Statistical analyses
Data were expressed as mean±standard deviation (SD) from at least three independent experiments. Omics data were filtered with the chi-square test, and significance was defined as P<0.05 and log2 fold change≥1. Other datasets were analyzed in SPSS v24.0 software (USA) using one-way analysis of variance (ANOVA) with Dunnett’s test. Statistical significance was set at P<0.05.
RESULTS
Pseudomonas plecoglossicida induces hypoglycemia in large yellow croakers
The injection dose required to yield both fatal and nonfatal outcomes was established through gradient dose experiments, which identified a median lethal dose (LD50) of 4.44×103±2.79×103 cfu/fish (Figure 1A). This dose was used to generate three groups: control group (PBS) (CG), moribund group (MG), and survival group (SG). The CG and SG groups retained normal hepatic coloration and physiological oxygen saturation (SaO2), whereas the MG group exhibited pronounced hepatic pallor and significantly reduced SaO2 (Figure 1B; Supplementary Figure S1). Erythrocyte counts, myocardial ischemia, visceral vascular rupture, and iron distribution showed no significant intergroup differences (Supplementary Figures S2–S4), indicating that hypoxemia is directly associated with mortality in large yellow croakers, rather than secondary to anemia.
Figure 1.
Pseudomonas plecoglossicida induced hypoglycemia in large yellow croakers
A: Mortality rates of croakers challenged with varying concentrations of P. plecoglossicida. B: Macroscopic liver morphology across experimental groups. Arrows indicate livers. C: Histopathological features of H&E-stained hepatic tissues. Arrows indicate vacuolated cells. D: Proportion of vacuolated cells relative to total hepatocytes. E: Hepatic LPO levels. F: Hepatic GSH levels. G, H: Hepatic glycogen levels. Arrows indicate glycogen. I: Blood glucose levels across experimental groups. J: Ultrastructural changes in hepatocytes. Arrows indicate mitochondria. K: NAD+/NADH ratio across experimental groups. D, E, F, H, I, K: n=3. *: P<0.05; **: P<0.01; ***: P<0.001.
Extensive vacuolar degeneration was observed in visceral organs of infected fish, most prominently in the liver (Figure 1C; Supplementary Figure S5). Hepatocytes from the CG group showed no vacuolation, while the SG group displayed moderate pathology (12.66±5.84%vacuolated cells) and the MG group showed severe pathology (63.54±7.13% vacuolated cells) (Figure 1C, D). This gradient indicates progressive energy metabolism impairment that aligned with survival outcomes.

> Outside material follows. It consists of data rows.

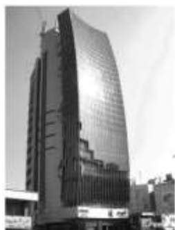
شکل ۸: برج آموت (برج تجاری-اداری) در مرکز شهر کرج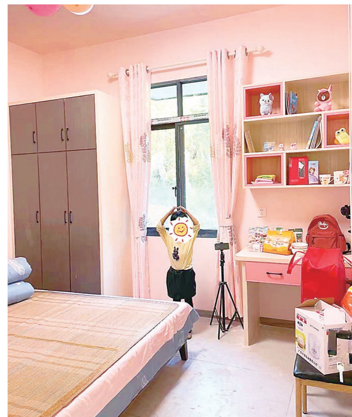
▶小云房间改造之后。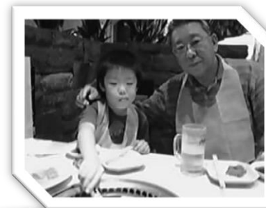
おじいちゃん お誕生日おめでとう。 今日はボクがお世話係です！

LPO accumulation followed a consistent pattern, with the lowest levels in the CG group, intermediate levels in the SG group, and the highest levels in the MG group, which reached 5.8-fold relative to the CG group and 2.87-fold relative to the SG group (Figure 1E). GSH levels showed an inverse correlation, with the highest content in the CG group, measuring 2.21-fold that of the SG group and 6.21-fold that of the MG group (Figure 1F). Hepatic glycogen concentration was 35.87 mg/g tissue in the CG group, 2.66-fold higher than in the SG group and 7.10-fold higher than in the MG group (Figure 1G, H; Supplementary Figure S6). These results demonstrated substantial depletion of hepatic energy reserves and pronounced oxidative stress during infection. Under physiological conditions, hepatic glycogen degradation maintains blood glucose homeostasis (Sharafifard et al., 2025). Here, blood glucose levels were 4.93 mmol/L and 5.02 mmol/L in the CG and SG groups, respectively, but declined precipitously to 0.80 mmol/L in the MG group, matching levels in insulin-overdosed fish (Figure 1I), indicating a fatal hypoglycemic event.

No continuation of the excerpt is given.